«Общественное мнение несколько возбуждено. Конечно, разумные граждане всецело одобряют меры…, ограждающие свободу торговли. Что касается рабочих, то они страдают от недостатка в работе, а также от дурной погоды...»
…Деревянные домишки - они все покосились. Соломенные крыши с прорехами. Внутри темно - нет окон, вместо окон дверь. Земляной пол; грязь, зловоние. Нечистоты здесь же, в яме. Со стен течет. На всю семью одна комната и одна кровать. Свечи - роскошь, мясо - пиршество, сладкие оладьи - двунадесятый праздник. Плачут здесь только невесты на свадьбах, а прихорашиваются раз в жизни - умирая, когда кюре звенит дарохранительницей.
…виселица на главной площади. Это был несчастный кожевник. Он как-то сказал в кабаке, выпив лишнюю рюмку: «Можно сдохнуть от этих налогов! С кого дерут? С богачей? С нас. За соль - плати. За вино - плати. Вот подождите, мы с вами расквитаемся!..» Он висел маленький, черный, худой, как птица. «Корона»... «Король». Разве можно говорить такие слова?..
Гракх Бабёф.
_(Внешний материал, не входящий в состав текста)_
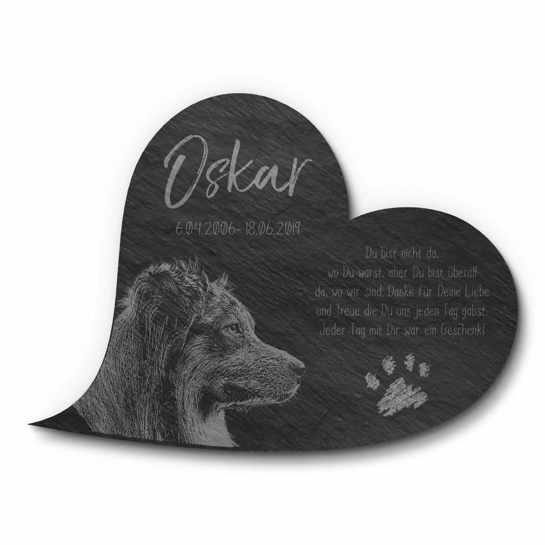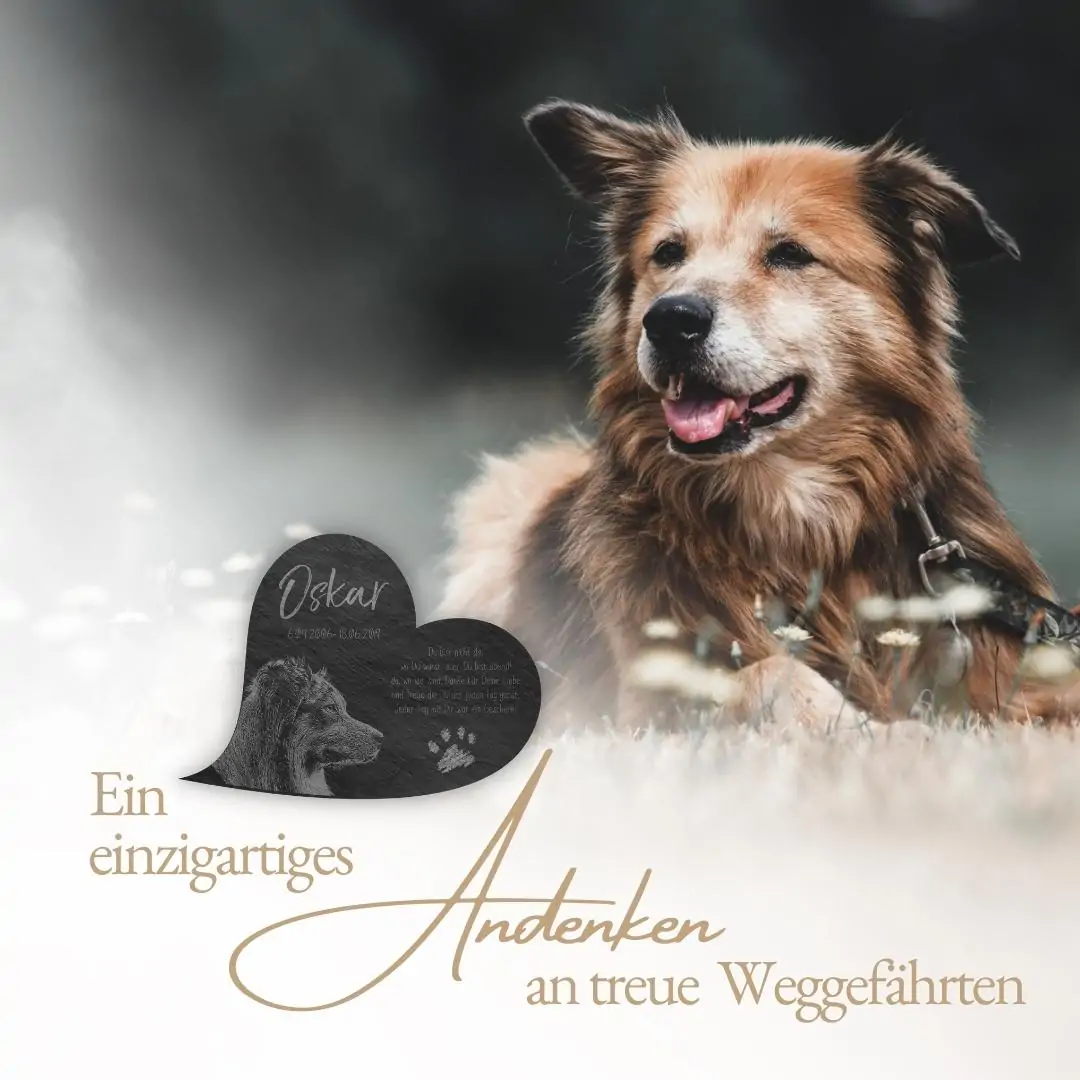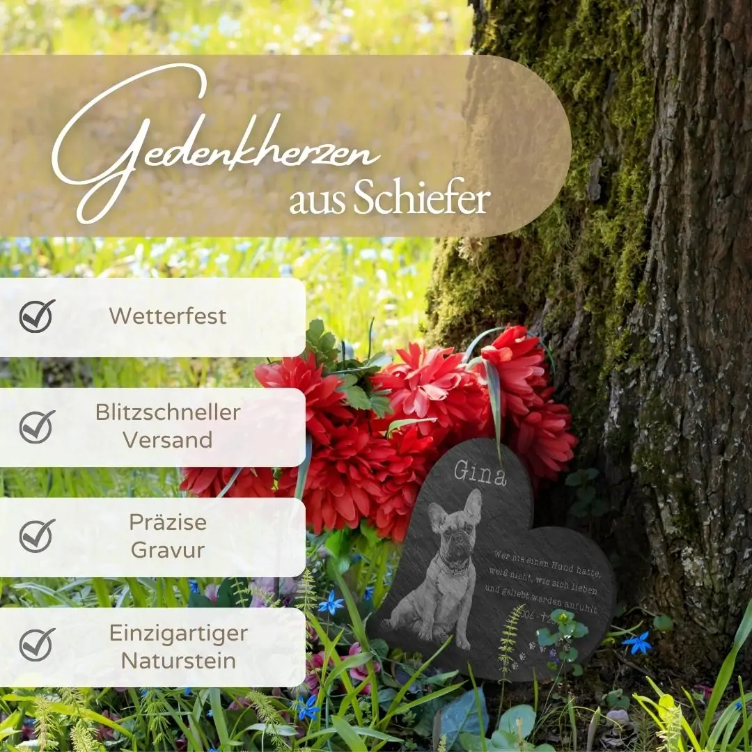 Der Tod ist die Grenze des Lebens aber nicht der Liebe. Verewige all die unvergesslichen Stunden mit Deinem Lieblings-Vierbeiner auf einem hochwertigen Katzengrabstein oder Hundegrabstein aus Premium Schiefer. Mit jedem Blick auf dieses bildschöne Unikat wirst Du Dich an gemeinsame Augenblicke zurückerinnern. Damit kannst Du Dir bei uns ein ganz einzigartiges Erinnerungsstück gestalten, welches Deinen Hund, Deine Katze oder auch Dein Pferd für immer in Ehren halten wird. Wir können für Dich sogar ein eigenes Bild Deines treuen Wegbegleiters auf die ca. 5 mm starke Schieferplatte gravieren. Natürlich kannst Du das Tier Gedenkherz auch mit einem schönen Trauerspruch, einer persönlichen Widmung oder einem hübschen Motiv zusätzlich verzieren. Neben dem unvergleichlichen individuellen Design überzeugt der Tiergrabstein mit Bild außerdem mit seiner Witterungsbeständigkeit – auch im Außenbereich für ein Tiergrab oder eine Ruhestätte bestens geeignet.

С гравюры по рисунку Бонневиля
Работать начинали в пять, кончали в семь, час на обед - тринадцать часов работы. Когда переплетчики на шестой год революции потребовали четырнадцатичасового рабочего дня, все изумились их дерзости: «Лодыри! разучились работать». Покойный Конвент, среди двух оваций в честь «санкюлотов всех стран», выдал фабриканту Бютелю из городских приютов пятьсот девочек, возрастом до десяти лет. Дети эти работали бесплатно - «на хозяйских харчах». Фабрикант Делетр содержал детей, работавших в его прядильне, по системе графа де Румфора. Граф де Румфор изобрел новые методы питания рабочих: хлеб, мясо, сало слишком дороги; пустой суп получил гордое наименование «супа а-ля Румфор». Содержание ста пятнадцати рабочих обходилось передовому фабриканту столько же, сколько стоила в ресторане «Пале-Эгалите» одна тарелка супа «а-ля бывший Конде».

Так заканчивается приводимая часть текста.